─── Provided material ───

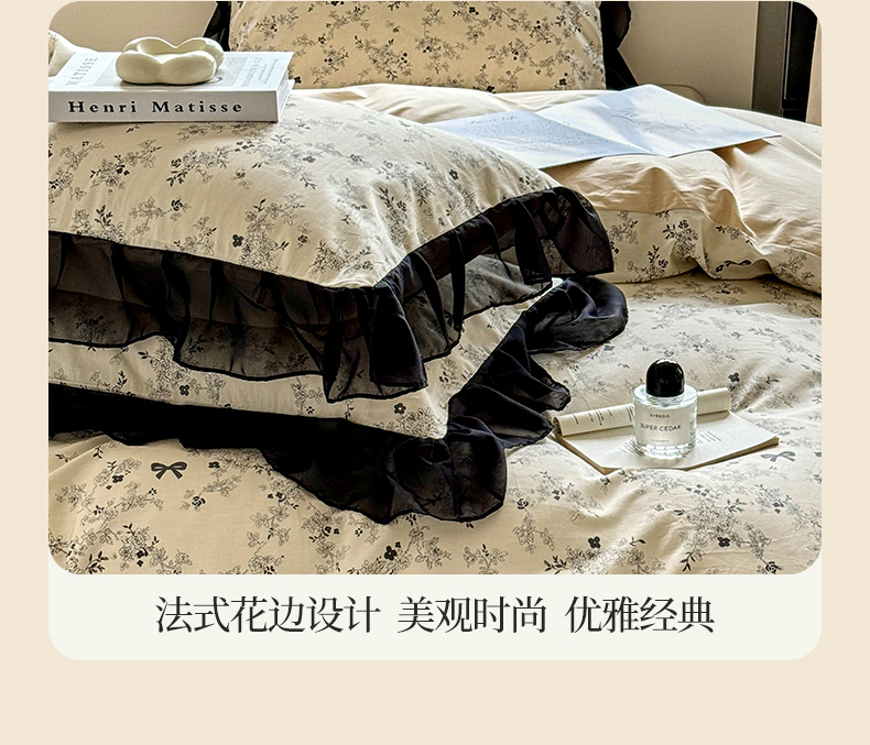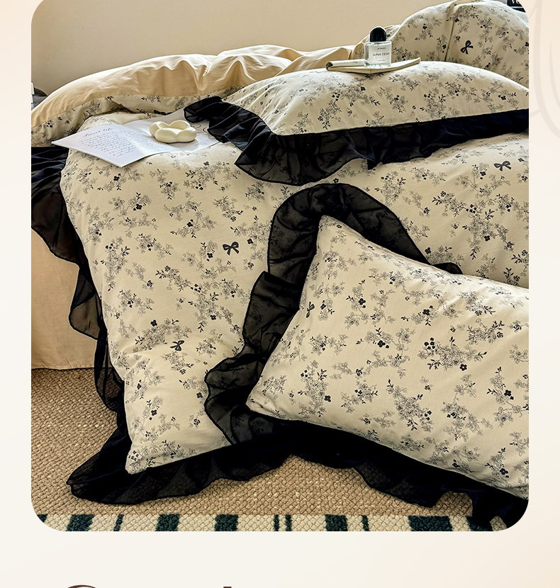 商品名称:宅家居 2025新款爆款轻法式赫本风复古印花13372纯棉四件套韩式黑色花边40支全棉三件套 蝴蝶结
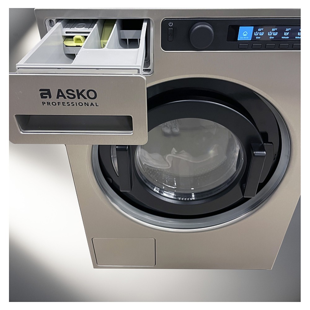 Стиральная машина ASKO WMC8947PI.S используется в прачечных, химчистках и отелях, а также в частных домах и квартирах для стирки, полоскания и отжима белья, ткани и одежды. Модель оснащена ЖК-дисплеем с индикацией времени до окончания программы, выдвижным дозатором с 3 отделениями и регулируемыми по высоте ножками. Барабан и бак выполнены из нержавеющей стали, заливной шланг - из материала PEX с защитой от протечек. Возможность установки стиральной машины в колонну с сушильной решает проблему ограниченного пространства.
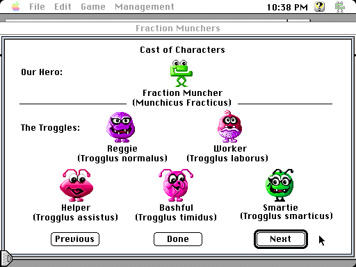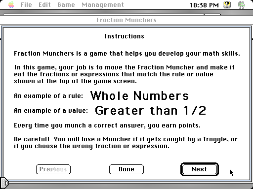 Launched in 1992 by the Minnesota Educational Computing Consortium (MECC), this educational video game was designed to make learning fractions engaging for children. Players navigate through various levels by solving fraction-based puzzles, targeting an educational experience that marries fun with learning.
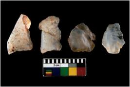 | Description / विवरण | There are n 4 ; worked utilized flakes; there are multidirectional irregular scar pattern on both dorsal and ventral face of the flakes. All are having sharp edges. |
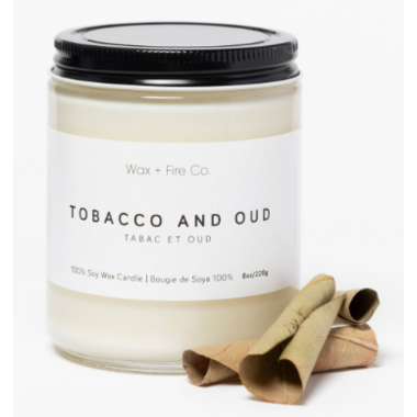 Wax + Fire Soy Candle Tobacco And Oud is rated 5.0 out of 5 by 1.

───

Copy out exactly, with no pictures, the lines of the data from the first one through the line bearing "Стиральная машина ASKO".

 商品名称:宅家居 2025新款爆款轻法式赫本风复古印花13372纯棉四件套韩式黑色花边40支全棉三件套 蝴蝶结
 Стиральная машина ASKO WMC8947PI.S используется в прачечных, химчистках и отелях, а также в частных домах и квартирах для стирки, полоскания и отжима белья, ткани и одежды. Модель оснащена ЖК-дисплеем с индикацией времени до окончания программы, выдвижным дозатором с 3 отделениями и регулируемыми по высоте ножками. Барабан и бак выполнены из нержавеющей стали, заливной шланг - из материала PEX с защитой от протечек. Возможность установки стиральной машины в колонну с сушильной решает проблему ограниченного пространства.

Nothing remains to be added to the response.